Being done. I understood that.
 
A life of forgiving someone their mistakes. A life of forgiving ourselves our own imperfections and mistakes and misgivings. I get that wanting to be done with forgiving already, the I am Godamn sick of forgiving, I want nothing to have to forgive already. I want to be free.

 
There was this boy I fell in love with once, a long time ago. He had been someone I’d known all my life. One day, when he sat on my couch and said to me I am not a keeper, I knew it to be true, yet still, I had to forgive him because I loved him. And even truths must be forgiven sometimes.
 
Before that moment on the couch when he said I am not a keeper, we had gone hiking. And, just as they predicted, as they are so prone to do, the winds had listed judiciously, in their croupy and discordant jargon exactly what he would say, and just how so. Still, for as much time as it took to turn my head toward some imaginary noise, I was disappointed.
 
I am not a keeper.
 
Naturally, I thought of bees. I thought of him in a full body bee suit, perhaps light cotton and polyester, and white.
 
I am not a keeper.
 
As he sat on my couch, sinking into the cushions I thought You are a keeper! You are! You are mine!
 
In his zippered bee veil, arm-length fitted bee gloves, ankle straps, he became my master of apiculture. Taming wild bees and handling wild honeybee swarms for me. Immune to their habits: nothing phased him. Not even queen clipping: the removal of one or both front wings of a queen to prevent her from flying, so she falls on the ground in front of the hive. The swarm then returns to the queen on the ground and if she is unable to reenter the hive, she will die. 
 
Not even this would phase him. 
 
He was glorious as a beekeeper in my imagination so why couldn’t he be mine?
 
I asked him: What do you mean you are not a keeper? 
 
And then: I assure you: You are!
 
If we could see ourselves as others saw us we would understand our own capacity. The power in it, the donning of the big white suit, the rolling of the queen bee.
 
You are not above this I said or tried to say to him that night on my couch as he sank into my oversized cushions.
 
In the Malibu mountains, hiking in the sun that afternoon, long ago, all that incessant buzzing. I let him think it was the wires. I took it to be some sort of sign and I listened intently as we made out on the dirt path before any other hikers came by. 
 
I am not a keeper.
 
I forgave him. He didn’t love me back or maybe he did but it was too late or not enough or it didn’t matter because there are no facts when it comes to feelings.
 
My heart was shattered but still working and after a while it began to work better and more efficiently and I forgave him until I realized I had nothing to forgive him for. He brought my heart back to life after years of half-dead. What did I have to forgive him for? 
 
I saw this man tonight running down my sidewalk in front of my apartment building.
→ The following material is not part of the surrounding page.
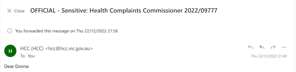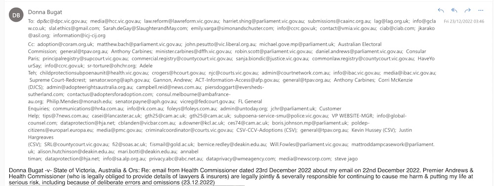 Donna Bugat -v- State of Victoria, Australia & Ors: Re: email from Health Commissioner dated 23rd December 2022 about my email on 22nd December 2022. Premier Andrews & Health Commissioner (who is legally obliged to provide details of lawyers & insurers) are legally jointly & severally responsible for continuing to cause me harm & putting my life at serious risk, including because of deliberate errors and omissions (23.12.2022)

Upon closer glance I saw he was running crooked and upon an even closer glance I saw he was dirty, missing teeth, and, homeless. I was coming down my stairs mouthing the words I hate myself as I saw him running crooked in his toothless glory down my street. He was trying not to step on the cracks.
 
I couldn’t believe what I was seeing yet here was this dirty long bearded man trying to literally not step on a crack (lest he break his mother’s back?) and it made me sad. Sad that I had been mouthing I hate myself because I lost my iPad due to my typical absent-minded ways. How easy it must be to slip gradually from saying I hate myself to really hating myself to really really hating myself so much that I avoid cracks on the sidewalk?
I don’t know.
But I know that I am not that different from that man. He may be battling some tremendous mental illness but how different am I? His heart beats and he is afraid.
As does mine. As am I.
 
Whatever panic causes him to run in zig-zags and to jump over cracks on cement might have once been a small fracture in his heart, maybe small enough to make him say I hate myself.
 
I hate myself sometimes.
 
Or so I say. So I spew out like it’s an old friend and the only name I can remember.
 
I lost my iPad because of the same old shit. The same old shit that causes me to not put away my tax returns and to file for the wrong year and to lose things and forget appointments and to get buried under such a huge amount of papers and dirt that I forget to breathe. So when the same old thing rears it’s head again and causes me to lose something I treasure, I immediately revert to that old friend, the only name I can remember. The one that’s called I hate myself.
 
Forgiveness is not always easy and anyone that tells you any different is lying or just trying to sell some books.
 
It took me a while to forgive that boy I fell in love with who, when I said, I love you, stared at me, wide-eyed. I am not a keeper he had told me and yet I dared tell him I loved him as if he might change his mind.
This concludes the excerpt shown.